SQL Server 2009's limitations forced us to:

  • Use TinyTDS gem directly — ActiveRecord's SQL Server adapter had compatibility issues with the legacy database version
  • Write raw INSERT/UPDATE queries — Complex multi-table operations needed explicit control
  • Manage transactions manually — Some operations required cross-table transactions that ActiveRecord couldn't handle reliably
  • Handle status mappings in application code — Legacy stored procedures had side effects we needed to avoid

TinyTDS provides simple and fast FreeTDS bindings for Ruby, giving us direct access to SQL Server's DB-Library API. This was essential for working with SQL Server 2009's constraints and legacy schema patterns.

Transaction Management

Every service object wraps its operations in explicit transactions:

  • BEGIN TRANSACTION — Starts the transaction before any writes
  • Multiple operations — All related database changes happen within the same transaction
  • COMMIT TRANSACTION — Commits only if all operations succeed
  • ROLLBACK TRANSACTION — Automatically rolls back on any error

This ensures atomicity: either all operations succeed together, or none of them do. If a service object fails halfway through, the transaction rolls back and the message moves to the DLQ for retry.

Service Object Responsibilities

Each service object handles:

  • Transaction management — wraps all operations in BEGIN/COMMIT/ROLLBACK
  • Query executionexecute(...).do pattern for INSERT/UPDATE, each(as: :hash).to_a for SELECT
  • Business logic — orchestrates multiple database operations in the correct sequence
  • Error handling — catches exceptions and ensures rollback even if rollback itself fails
  • Status code lookups — fetches codes from lookup tables before writing
  • Audit fields — maintains CreatedAt, CreatedBy, UpdatedAt, UpdatedBy for all writes
  • Validation — raises custom errors if operations fail or data is invalid

Why Transactions Matter

SQL Server 2009 didn't support much of what we needed natively, so explicit transaction management became essential. A single business event might update 4–10 different tables, and we needed guarantees that:

  • All updates succeed together, or none do
  • Partial writes never corrupt inventory data
  • If any operation fails, the entire transaction rolls back cleanly
  • The message can be safely retried from the DLQ after fixing the root cause

Why DLQs Only Exist in Sync-Out

Sync-In failures (SAP or metadata) happen early and are deterministic — we validate, log, and fix them inside Rails.

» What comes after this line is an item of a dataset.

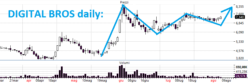 DIGITAL BROS: sopra 7,68 possibile allungo. Non è carne per i nostri denti perché illiquida, ma i lettori più scafati sanno già cosa fare se posto il grafico di seguito:

But Sync-Out was different:

The Sync-Out Failure Modes

  • SQL Server could stall unpredictably — Network issues, lock contention, or resource exhaustion
  • Connection pool exhaustion was possible — The legacy system had limits we couldn't control
  • Deadlocks or lock waits could occur — Multiple operations competing for the same rows
  • Legacy constraints required sequential writes — Some tables had triggers that couldn't handle concurrent updates
  • Data correctness mattered more than speed — We'd rather delay than corrupt inventory

Implementing DLQs

So we attached DLQs to every Sync-Out topic, with:

dead_letter_queue(
  topic: "legacy_inventory_dlq",
  max_retries: 3
)

This gave us:

  • Full visibility into failing messages — we knew exactly what broke
  • Guaranteed isolation of corrupted events — bad messages couldn't block good ones
  • Zero downtime during legacy outages — warehouse operations continued, we'd catch up later
  • Ability to replay after fixing root cause — fix the issue, replay from DLQ, done

During production incidents, DLQs turned hours of debugging into minutes of replay.

Dead-Letter Queues (DLQs): Our Lifeline During Incidents

If Sync-In was predictable, Sync-Out was the place where reality hit us the hardest.

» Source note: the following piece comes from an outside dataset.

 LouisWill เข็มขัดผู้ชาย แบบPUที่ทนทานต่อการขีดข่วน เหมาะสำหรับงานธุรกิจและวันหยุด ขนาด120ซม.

SQL Server 2009 had its own rhythm. Sometimes it was fast, sometimes it locked a table for 3 seconds, sometimes a network blip made inserts fail, and sometimes a malformed payload slipped in due to a previous operator error.

And because Sync-Out writes directly into the legacy system used for reporting and downstream integrations, failure wasn't an option.

That's where DLQs (Dead-Letter Queues) became the most important operational tool in our system.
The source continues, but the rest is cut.